Re: Subtle races between DAX mmap fault and write path
From: Dan Williams <hidden>
Date: 2016-07-30 00:53:09
Also in:
linux-fsdevel, linux-xfs, nvdimm
On Fri, Jul 29, 2016 at 5:12 PM, Dave Chinner [off-list ref] wrote:
On Fri, Jul 29, 2016 at 07:44:25AM -0700, Dan Williams wrote:quoted
On Thu, Jul 28, 2016 at 7:21 PM, Dave Chinner [off-list ref] wrote:quoted
On Thu, Jul 28, 2016 at 10:10:33AM +0200, Jan Kara wrote:quoted
On Thu 28-07-16 08:19:49, Dave Chinner wrote:[..]quoted
quoted
So DAX doesn't need flushing to maintain consistent view of the data but it does need flushing to make sure fsync(2) results in data written via mmap to reach persistent storage.I thought this all changed with the removal of the pcommit instruction and wmb_pmem() going away. Isn't it now a platform requirement now that dirty cache lines over persistent memory ranges are either guaranteed to be flushed to persistent storage on power fail or when required by REQ_FLUSH?No, nothing automates cache flushing. The path of a write is: cpu-cache -> cpu-write-buffer -> bus -> imc -> imc-write-buffer -> media The ADR mechanism and the wpq-flush facility flush data thorough the imc (integrated memory controller) to media. dax_do_io() gets writes to the imc, but we still need a posted-write-buffer flush mechanism to guarantee data makes it out to media.So what you are saying is that on and ADR machine, we have these domains w.r.t. power fail: cpu-cache -> cpu-write-buffer -> bus -> imc -> imc-write-buffer -> media |-------------volatile-------------------|-----persistent--------------| because anything that gets to the IMC is guaranteed to be flushed to stable media on power fail. But on a posted-write-buffer system, we have this: cpu-cache -> cpu-write-buffer -> bus -> imc -> imc-write-buffer -> media |-------------volatile-------------------------------------------|--persistent--| IOWs, only things already posted to the media via REQ_FLUSH are considered stable on persistent media. What happens in this case when power fails during a media update? Incomplete writes?
Yes, power failure during a media update will end up with incomplete writes on an 8-byte boundary.
quoted
quoted
Or have we somehow ended up with the fucked up situation where dax_do_io() writes are (effectively) immediately persistent and untracked by internal infrastructure, whilst mmap() writes require internal dirty tracking and fsync() to flush caches via writeback?dax_do_io() writes are not immediately persistent. They bypass the cpu-cache and cpu-write-bufffer and are ready to be flushed to media by REQ_FLUSH or power-fail on an ADR system.IOWs, on an ADR system write is /effectively/ immediately persistent because if power fails ADR guarantees it will be flushed to stable media, while on a posted write system it is volatile and will be lost. Right?
Right.
If so, that's even worse than just having mmap/write behave differently - now writes will behave differently depending on the specific hardware installed. I think this makes it even more important for the DAX code to hide this behaviour from the fielsystems by treating everything as volatile.

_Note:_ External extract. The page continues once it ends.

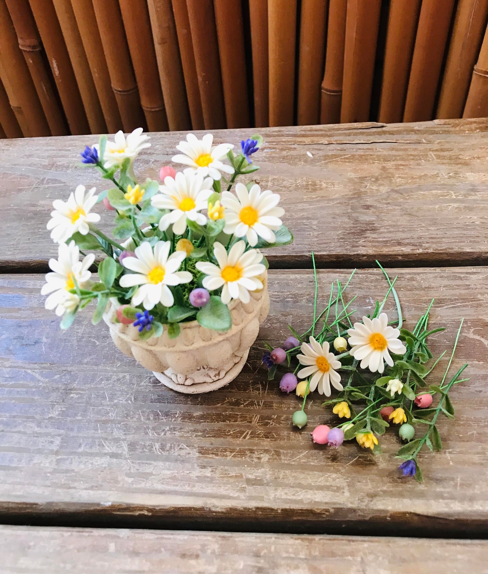 2、將做好的瑪格麗特及小菓子黏土花,搭配小荳子人造花,組盆插在創意的金屬花瓶裏。(花瓶尺寸8*8*8cm,完成作品尺寸:8*8*12cm)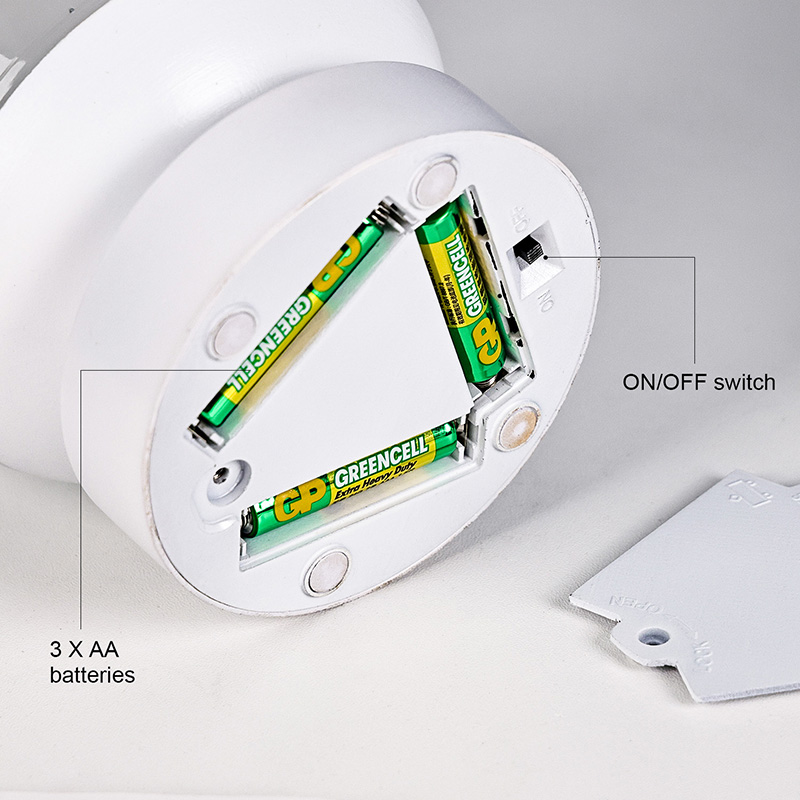 Нет необходимости в подключении; он может питаться всего от 3 батареек типа ААА, что обеспечивает простую установку и гибкое использование. На тумбочке, на столе, в детской кроватке или в походе.

The symmetry does sound appealing...
If we track the dirty blocks from write in the radix tree like we for mmap, then we can just use a normal memcpy() in dax_do_io(), getting rid of the slow cache bypass that is currently run. Radix tree updates are much less expensive than a slow memcpy of large amounts of data, ad fsync can then take care of persistence, just like we do for mmap.

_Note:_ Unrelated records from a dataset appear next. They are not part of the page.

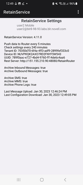 Automatic registration is done through our Cloud Mobile Service (CMS). This registration method requires no end user intervention and ideally, the user should not be aware of the registration process. Automatic registration requires four mandatory values to be provided in the device management page at the time of registration: display name, email address, phone number and IMEI number. Before attempting an automatic registration, ensure that the RetainService application is installed on the Android device.
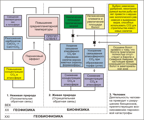 Показано, что в результате воздействия человека на природную среду могут быть нарушены естественные механизмы поддержания устойчивости химического состава атмосферы и теплового баланса Земли, что может привести к парниковой катастрофе [1,2]. Последствия такой парниковой катастрофы существенно более серьезны, чем последствия традиционно обсуждаемого парникового эффекта. В частности повышение температуры поверхности Земли может достигнуть 300 °С, что сделает невозможным существование жизни на Земле в ее современных формах [3-5]. Разработанная причинно-следственная диаграмма [3,4] парниковой катастрофы позволяет наметить пути предотвращения катастрофических изменений климата и создания концепции устойчивого развития цивилизации.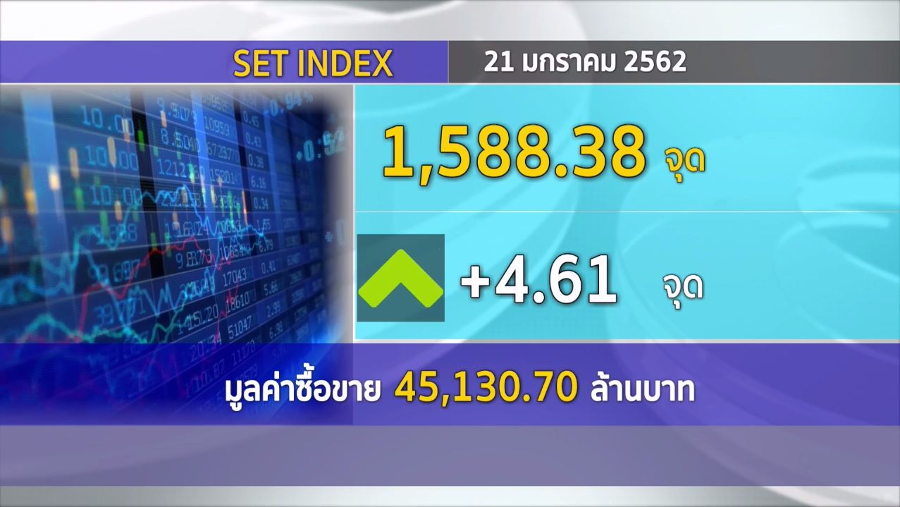 กทม. 21 ม.ค.-ตลาดหุ้นไทย (21 ม.ค.) ปิดการซื้อขายที่ 1,588.38 จุด บวก 4.61 จุด มูลค่าการซื้อขาย 45,130.70 ล้านบาท.-สำนักข่าวไทย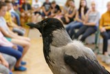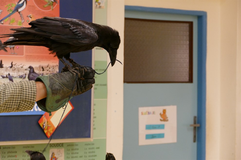 Dříve bývali skoro všichni, snad s výjimkou lesního samotáře ořešníka, drženi v zajetí jako domácí společníci. V současnosti je můžeme vídat ve filmech a pohádkách, kde jsou za moudré rádce nebo naopak děsí svým krákáním. Jejich většinou nenápadně černé zbarvení vede ve společnosti k chybnému rozpoznání jednotlivých druhů, proto si přednáška kladla za cíl představit žákům všech 8 krkavcovitých zástupců, kteří se vyskytují na území naší republiky (konkrétně straka, sojka, vrána černá a šedá, ořešník, kavka, havran a krkavec). Žáci se s krkavcovitými seznámili prostřednictvím živých jedinců, naučných přírodovědných videí, výkladu lektora a vycpaných exponátů. Pro účastníky programu byly připraveny rozvrhy hodin a plakáty s motivem krkavcovitých, aby si mohli nově nabité znalosti i nadále připomínat.

If we go this route to increase the amount of dirty-data tracking in the radix it raises the priority of one of the items on the backlog; namely, determine the crossover point where wbinvd of the entire cache is faster than a clflush / clwb loop.
We should just make the design assumption that all persistent memory is volatile, track where we dirty it in all paths, and use the fastest volatile memcpy primitives available to us in the IO path. We'll end up with a faster fastpath that if we use CPU cache bypass copies, dax_do_io() and mmap will be coherent and synchronised, and fsync() will have the same requirements and overhead regardless of the way the application modifies the pmem or the hardware platform used to implement the pmem.
I like the direction, I'd still want to measure where/whether it's actually faster given the writes may have evicted hot data, and the amortized cost of the cache flushing loop.